User Manual¶
In this chapter we will discuss the parts of WORC in more detail, mostly focussed on the inputs, outputs, and the various workflow possible. We will give a more complete overview of the system and describe the more advanced features.
Interacting with WORC¶
The WORC toolbox is build around of one main object, the WORC object. This object provides all functionality
of the toolbox. However, to make certain functionalities easier to use and limit the complexity,
we have constructed two facades. The SimpleWORC
facade is the simplest to interact with and provides
all functionality required for conducting basic experiments. The BasicWORC
object is based on the SimpleWORC
object and provides several more advances functions. The specific functionalities of these two facades and the
WORC
object itself can be found in this section.
For documentation on SimpleWORC
and BasicWORC
, please look at the documentation
within those modules: WORC.facade.simpleworc
and WORC.facade.basicworc
. Many of the functions are actually wrappers to interact with the WORC
object, and therefore use the functionality described below. For basic usage, only using
SimpleWORC
, it’s respective documentation and the
WORCTutorial Github should be sufficient.
Additionally, we advice you to take a look at the configuration chapter
for all the settings that can be adjusted in WORC
.
The WORC Object¶
import WORC
network = WORC.WORC('somename')
It’s attributes are split in a couple of categories. We will not discuss
the WORC.defaultconfig() function here, which generates the default
configuration, as it is listed in a separate page, see the Config chapter.
More detailed documentation of the various functions can be found in the docstrings of WORC.WORC
:
we will mostly focus on the attributes, inputs, outputs and workflows here.
Input file definitions¶
Attributes: Sources¶
There are numerous WORC attributes which serve as source nodes for the FASTR network. These are:
images_train and images_test
segmentations_train and segmentations_test
semantics_train and semantics_test
labels_train and labels_test
masks_train and masks_test
features_train and features_test
metadata_train and metadata_test
Elastix_Para
fastrconfigs
When using a single dataset for both training and evaluation, you should supply all sources in train objects. By default, performance on a single dataset will be evaluated using cross-validation. Optionally, you can supply a separate training and test set.

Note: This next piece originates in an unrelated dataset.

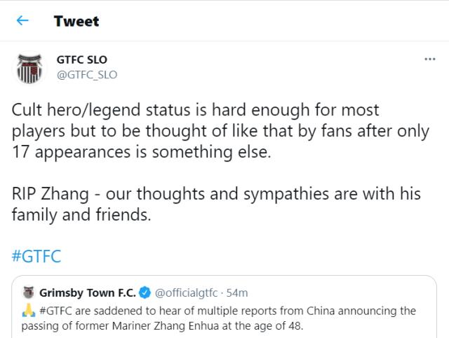 通过官方社交媒体,格林斯比表达了对昔日阵中大将的哀悼:“我们通过来自中国的消息,得知了48岁的前‘水手’(格林斯比绰号)张恩华去世的消息。这名前中国国脚在2000年12月加盟球队,代表格林斯比出战17场。安息吧,张。”效力格林斯比期间,张恩华帮助球队完成了保级目标,还曾有3球入账。而他在与伯恩利一战中打进的头球,还在2001-02赛季被当地的电视节目《Goals on Sunday》选为片头。
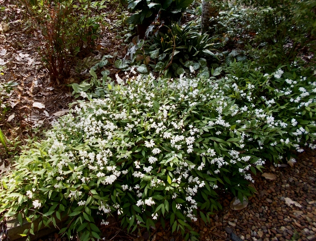 Demure deutzia nikko – I’ve given this plant to just about everyone I know. Here, in very little sun, its blooms are scattered, so are not as spectacular as sun-grown plants. Still, I must include it, as I love its airy blooms, and it is a sturdy edger that travels in a polite way.

Each source should be given as a dictionary of strings corresponding to the source filenames. Each element should correspond to a single object for the classification, e.g. a patient. The keys are used to match the features to the label and semantics sources, so make sure these correspond to the label file.

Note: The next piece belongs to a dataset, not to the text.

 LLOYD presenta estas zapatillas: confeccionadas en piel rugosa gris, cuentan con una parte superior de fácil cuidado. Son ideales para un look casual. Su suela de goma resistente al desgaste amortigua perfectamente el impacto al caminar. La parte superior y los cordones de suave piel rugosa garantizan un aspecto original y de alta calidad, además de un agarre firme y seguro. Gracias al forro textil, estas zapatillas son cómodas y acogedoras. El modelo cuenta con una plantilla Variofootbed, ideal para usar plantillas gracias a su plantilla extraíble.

You can off course have multiple images or ROIs per object, e.g. a liver ROI and a tumor ROI. This can be easily done by appending to the sources. For example:
images1 = {'patient1': '/data/Patient1/image_MR.nii.gz', 'patient2': '/data/Patient2/image_MR.nii.gz'}
segmentations1 = {'patient1': '/data/Patient1/seg_tumor_MR.nii.gz', 'patient2': '/data/Patient2/seg_tumor_MR.nii.gz'}
segmentations2 = {'patient1': '/data/Patient1/seg_liver_MR.nii.gz', 'patient2': '/data/Patient2/seg_liver_MR.nii.gz'}
network.images_train.append(images1)
network.images_train.append(images1)
network.segmentations_train.append(segmentations1)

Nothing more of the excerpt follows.